"Apa itu medan perang?"
"Apakah tempat untuk saling memperjuangkan keyakinan?"
"Apakah tempat untuk saling melampiaskan kebencian?"
"Apakah tempat untuk saling memperebutkan keuntungan?"
"Tidak ... Semua itu kurang tepat ..."
Di tanah luas berwarna putih, tetes demi tetes darah yang jatuh dari ujung pedang mengotorinya dengan warna mereka. Melukis kekosongan dengan warna penderitaan dan kepedihan.
Sosok berjubah hitam berjalan perlahan. Ratusan meter di belakangnya, banyak potongan tubuh binatang buas dan zombie yang tak terhitung jumlahnya.

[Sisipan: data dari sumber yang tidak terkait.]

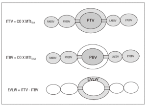 Figura 3. Método del doble indicador. ITTV: volumen de fluidos intratorácico; CO: gasto cardíaco; MTtTDA: tiempo medio de tránsito del indicador térmico (difusible); ITBV: volumen sanguíneo intratorácico; MTtICGA: tiempo medio de tránsito del indicador no difusible; EVLW: agua pulmonar extravascular; PTV: volumen de fluidos pulmonar; PBV: volumen sanguíneo pulmonar; RAEDV: volumen telediastólico de aurícula derecha; RVEDV: volumen telediastólico de ventrículo derecho; LAEDV: volumen telediastólico de aurícula izquierda; LVEDV: volumen telediastólico de ventrículo izquierdo.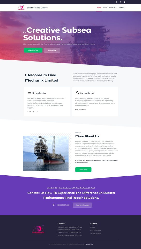 We developed a modern and engaging website for Dive Mechanix Limited to effectively represent its values and services. The platform includes: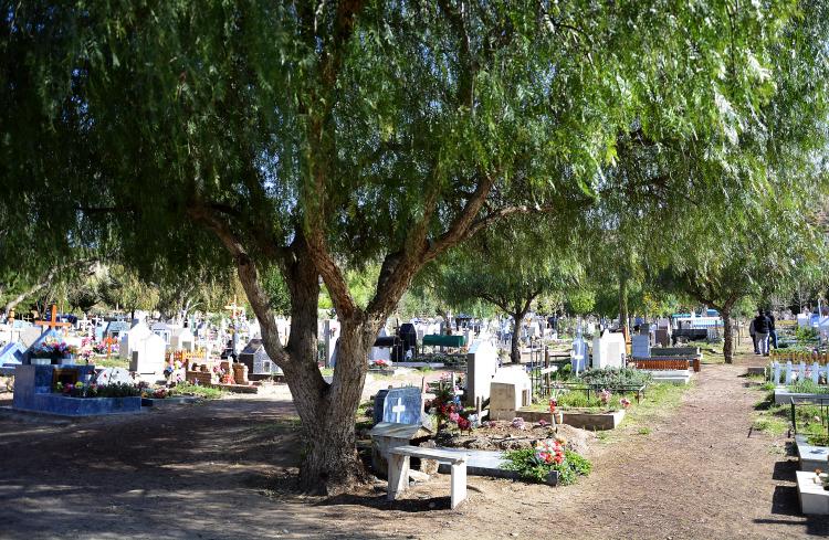 El camposanto se ubica entre la calle Abraham y las bardas. Al lado funciona el CPEM 48, sobre tierra que supo ser del cementerio, con problemas por esa vecindad de conveniencia (ver aparte). Hay unos 5.000 cuerpos “descansando en paz” allí y “está saturado”.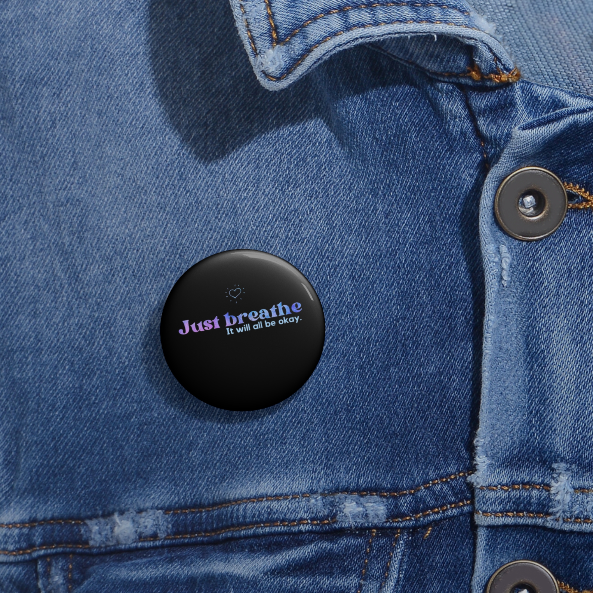 Small, confident reminders you can wear. These glossy pin buttons carry a soft, calming message in vibrant pastel colors against a matte-black backdrop—an easy way to share encouragement without saying a word. Lightweight and sturdy, they clip onto jackets, bags, hats, or lanyards and hold up to daily wear thanks to a scratch- and UV-resistant mylar finish. Each button is assembled in the USA from quality parts, giving you a tactile token of comfort to reach for during busy days, anxious moments, or when you want to brighten someone’s commute.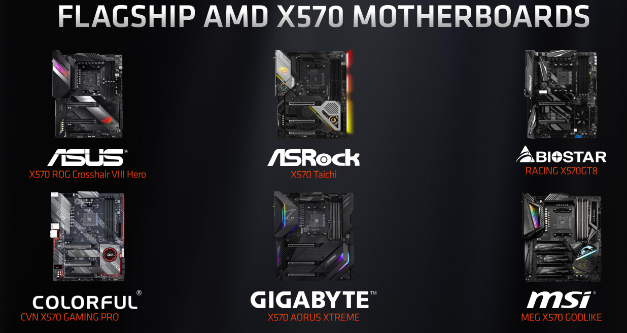 Los procesadores de escritorio AMD Ryzen de tercera generación serán compatibles con todos los principales fabricantes de placas base. Con más de 100 placas madre AM4 actualmente en el mercado, nuestros socios presentarán más de 50 modelos adicionales con el nuevo conjunto de chips AMD X570, la primera plataforma de PC para el consumidor del mundo con soporte para dispositivos PCIe 4.0.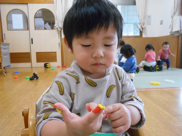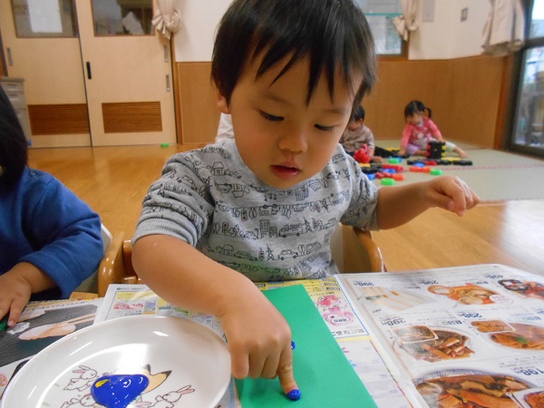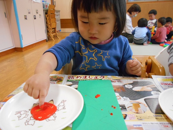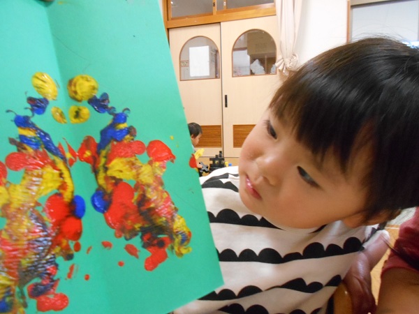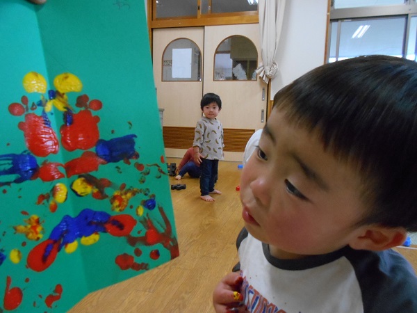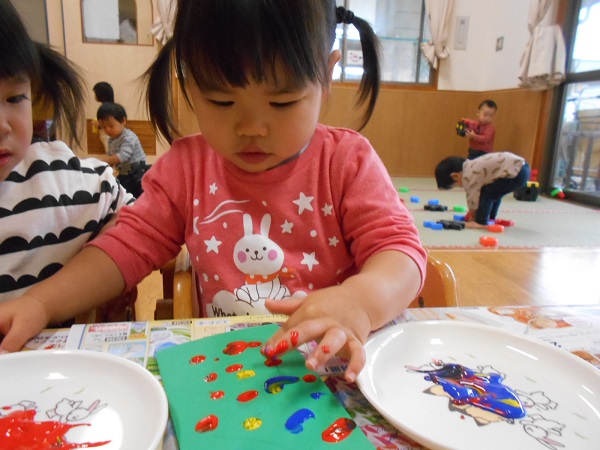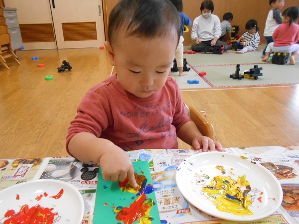 今までみんながしてきた指スタンプとは絵の具の量が違い、むにゅ~とした感触を楽しんでいましたよ☺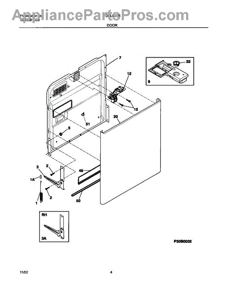 The Door Spring is an OEM part for Frigidaire dishwashers. It provides smooth opening and closing of the dishwasher door by maintaining tension and balance. This spring ensures that the door moves gently and stays in place when opened, preventing slams that could lead to damage or injury.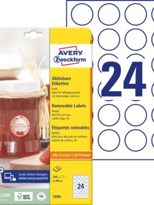Biele kruhové etikety na formáte A5, na viacúčelovú tlač aj ručný popis.Priemer: 24 mmFarba: bielaBalenie: 16 hárkov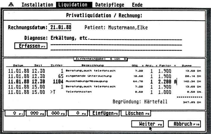 Von diesem Startprogramm aus wird nun die Leistungsstatistik mit der Maus oder durch eine Funktionstaste aufgerufen. Nachdem man dies getan hat, landet man in der Privatliquidation, die auch ohne das Startprogramm ausgeführt werden kann. Hier wird zunächst überprüft, ob alle Daten einwandfrei sind (dazu später). Außerdem verlangt das Programm eine Bestätigung des Datums, das für die Verwaltung der Patienten, Rechnungen etc. wichtig ist. Angenehm fällt schon hier auf, das man sich nicht I um einenKopierschutz kümmern muß, denn der Kopierschutz dieses Programms ist der festinstallierte Name des Arztes. Um diesen ändern zu können, benötigt man eine Kennzahl, die bei Bedarf telefonisch von der Firma mitgeteilt wird.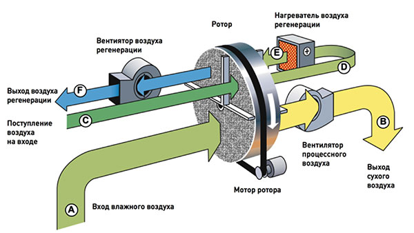 В составе прибора функционирует два независимых потока воздуха – рабочий воздух и воздух регенерации. Первая прокачивает через устройство осушаемую воздушную среду, вторая – подаёт на ротор горячий воздух регенерации.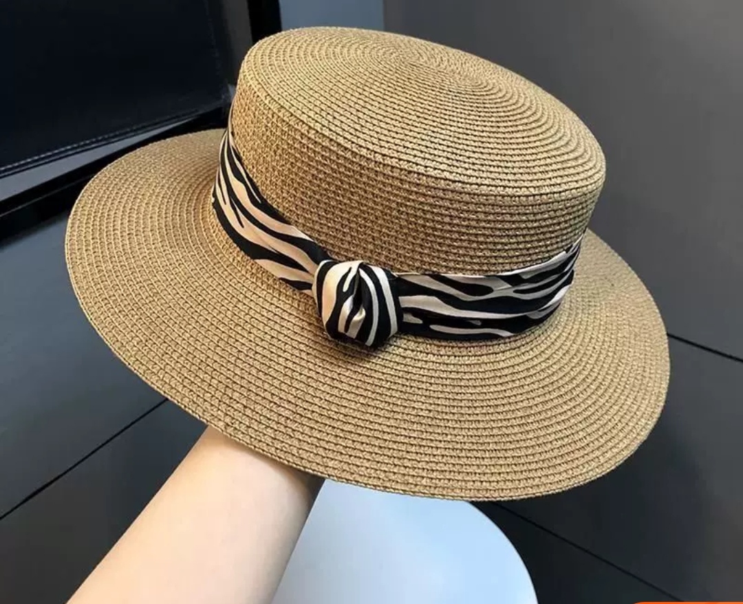 ✨Nón mũ rộng vành nhỏ chất liệu cói mũ rộng vành đi biển phối đai vân sọc Zebra mẫu mới thời trang Hàn Quốc dona24082505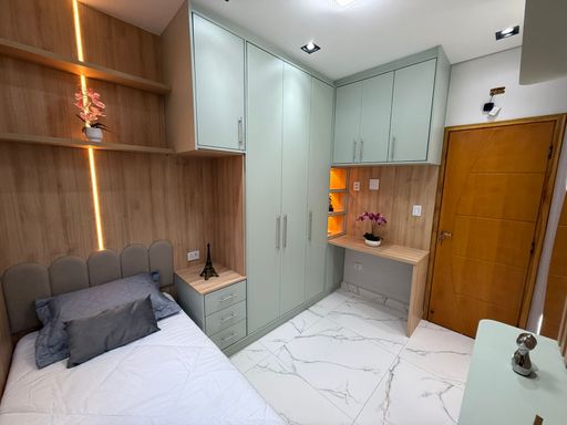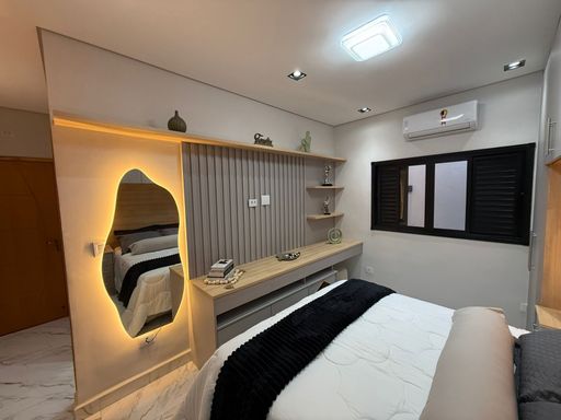 Além disso, todos os ambientes possuem ar-condicionado, sendo o da sala com 18 mil BTUs, garantindo conforto térmico em qualquer época do ano. O imóvel ainda possui um espaço pensado especialmente para o seu pet, com uma casinha exclusiva na suíte do casal.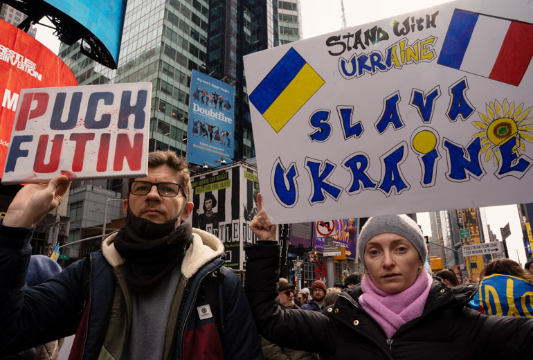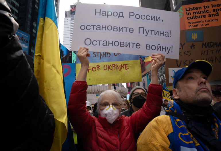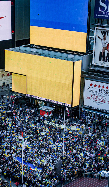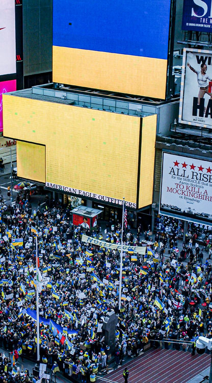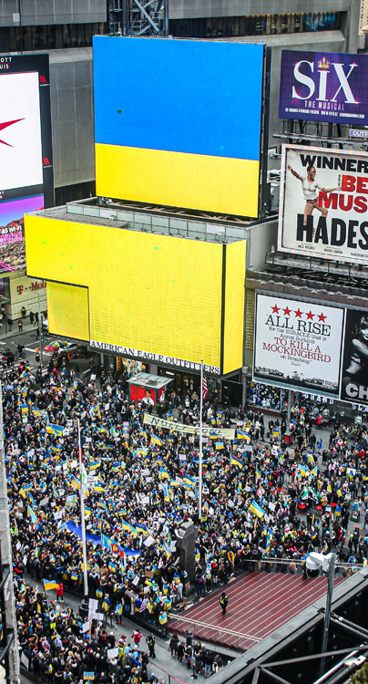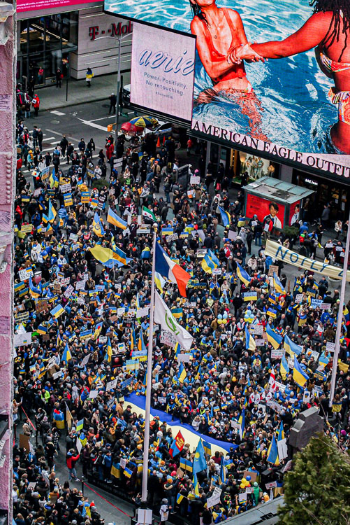 Largest Protest Yet in NYC Against Ukrainian War Thousands of all nationalities came together to protest the Ukrainian War in Times Square from noon well into the afternoon. Saturday, March 5, 2022. ◄ 1 2 3 4 ► Photos by Dan Herrick, Lori Hillsberg, Bianca Otero and Linda Rosier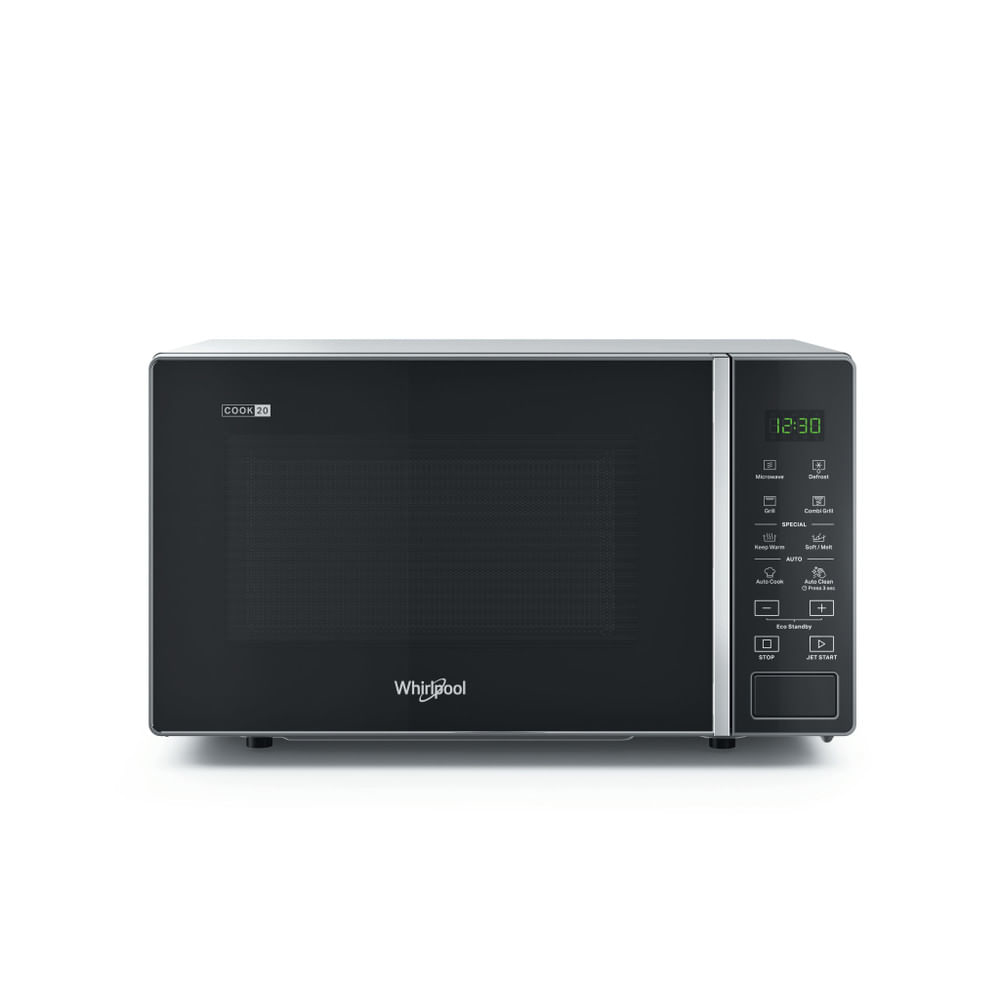 Whirlpool Cook20 Microonde a libera installazione - MWP 203 SB. Posizionamento dell'apparecchio: Superficie piana, Tipo di prodotto: Microonde con grill, Capacità interna: 20 L, Potenza Microonde: 700 W, Display incorporato, Tipo di controllo: Touch, Colore del prodotto: Nero, Argento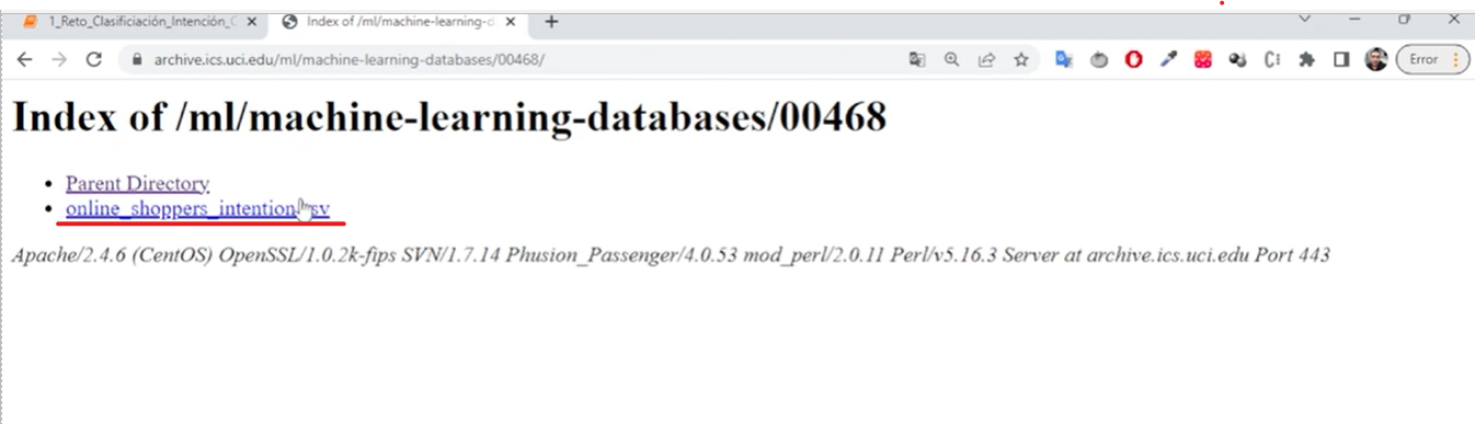 En donde se entrara al archivo “online_shoppers_intention.csv”y automáticamente empieza la descarga del archivo de información y aparecerá lo siguiente: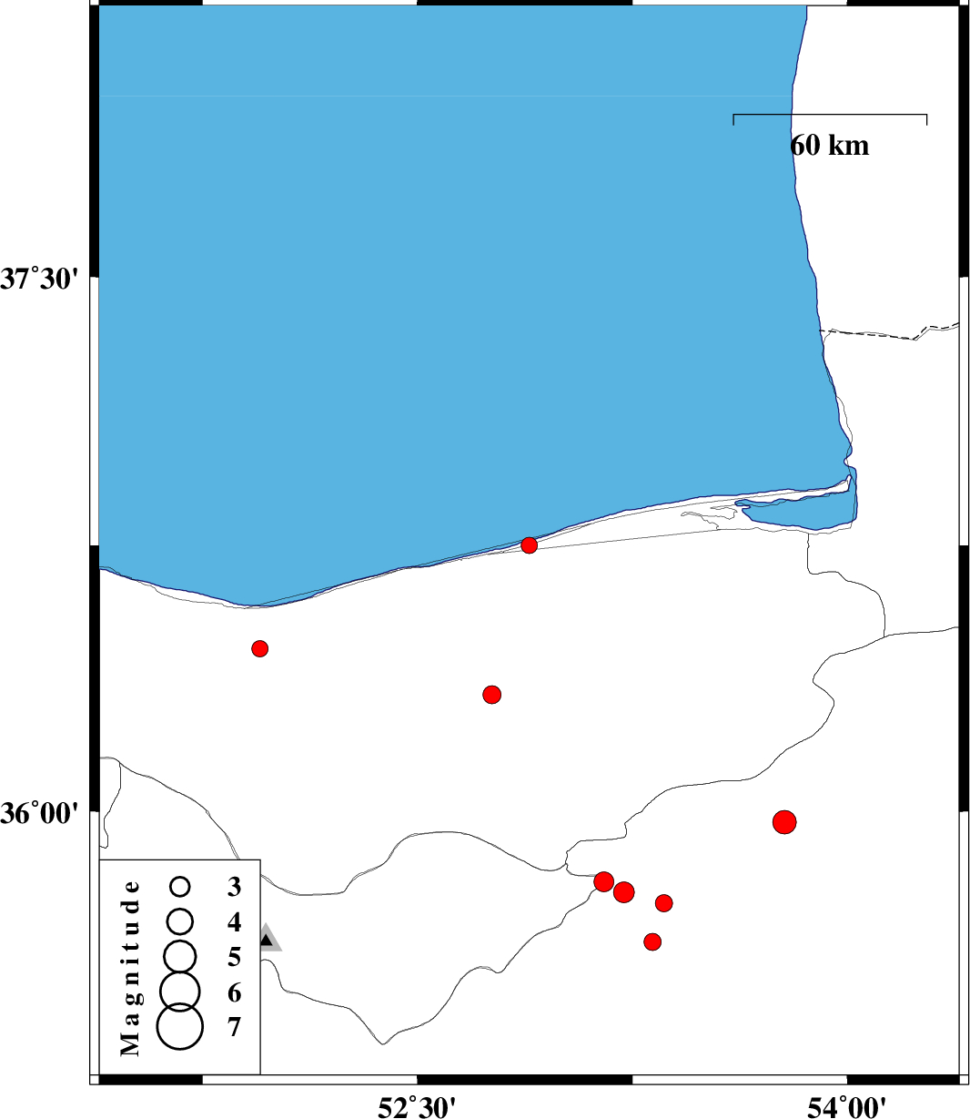| 2012/12/11 | 21:47:42.6 | 01:17:42.6 | 35.97 | 53.78 | 14 | ML:3.7 | Semnan Province, 56 km South-West of Damghan | ||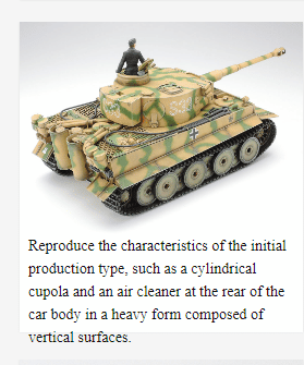 [A model that conveys the solid response of the strongest tank] The Tiger I early type appeared at the end of the war in 1942, on the Eastern Front, and on the North African Front, giving a shock to Allied soldiers. While inheriting the traditional style of German tanks with vertical planes, it was the most powerful heavy tank at the time of its appearance due to its powerful 88mm gun and heavy armor of up to 100mm. The initial type features a heavy style such as a large cylindrical cupola for the commander, a turret with a smoke grenade launcher and a large pistol port, and an air cleaner at the rear of the hull. About 200 vehicles were produced by June 1943. [About the model] This is a 1/35 scale plastic model assembly kit. ★Length: 241.5mm, Width: 106mm. ★Tiger Type I Modeled from the early model, which is said to have the most solid style among all types. ★Details of the early model, such as the simple cylindrical cupola, smoke grenade launcher, turret with large pistol port, and air cleaner at the rear of the hull, are accurately reproduced. ★Set includes 2 types of air cleaner, sbrocket wheels, and mantlet. ★The air cleaner hose is recreated with a pineal pipe with a realistic mesh pattern. ★Easy-to-assemble belt-type crawler tracks with a pattern unique to the early model. ★Set of 6 types of slide marks, such as Lieutenant Wittmann’s vehicle, including those on the Eastern Front and those on the Tunisian Front. ★Comes with a tank commander figure.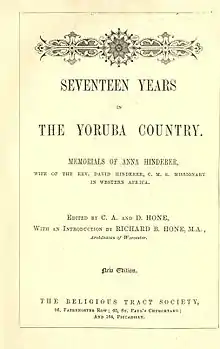 8. Anna Martin Hinderer (1877). Seventeen years in the Yoruba country: memorials of Anna Hinderer, wife of the Rev. David Hinderer, C.M.S. missionary in Western Africa. Religious Tract Society.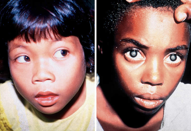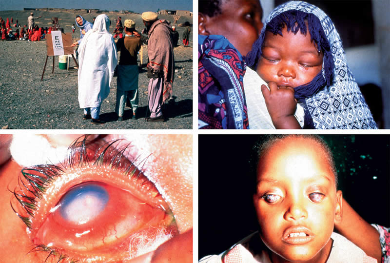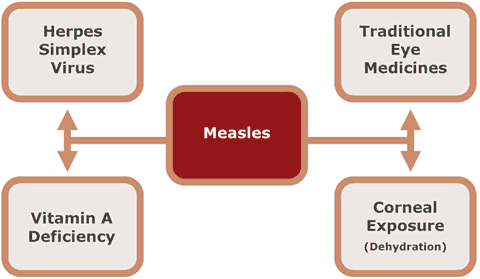In Africa, measles infection can precipitate vitamin A related corneal ulceration, whereas in Asia this is often associated with diarrhoea. Cataracts are also important in Africa and Asia.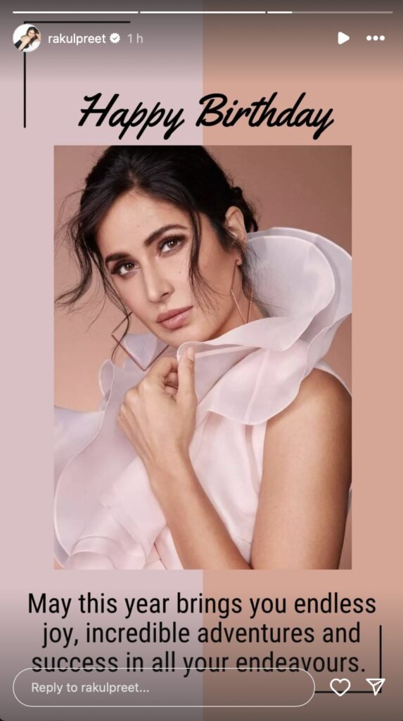 Rakul Preet Singh also shared a photo of Katrina in her Stories section and said: “May this year bring you endless joy, incredible adventures, and success in all your endeavours.”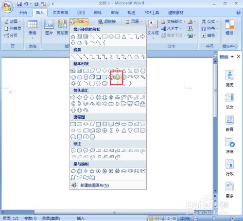 点击插入,选择外形东西中的齐心圆;

Sosok bertopeng itu menatap langit biru tanpa setitik pun awan. Hanya ada kekosongan biru yang terpantul tepat di matanya.
Sekali lagi, dia kembali bergumam.
"Itu hanya tempat dimana nyawa dibuang ..."
"Tempat yang sebenarnya tidak diperlukan jika "kedamaian" memang ada."
Dua sosok putih terpantul di iris mata pemuda itu.
"Dan jika "kedamaian" di akhir dunia ini memang ada ..."
Pemuda itu kemudian memejamkan matanya.
"Aku juga ingin melihatnya."
***
Sementara itu, di tempat Julian berada.
Memimpin sekitar seratus orang di belakangnya, pria itu menatap lurus ke arah kejauhan. Melihat jumlah musuh sekilas, ekspresinya menjadi lebih berat.
"Setidaknya 300 ... mungkin hampir 400 orang."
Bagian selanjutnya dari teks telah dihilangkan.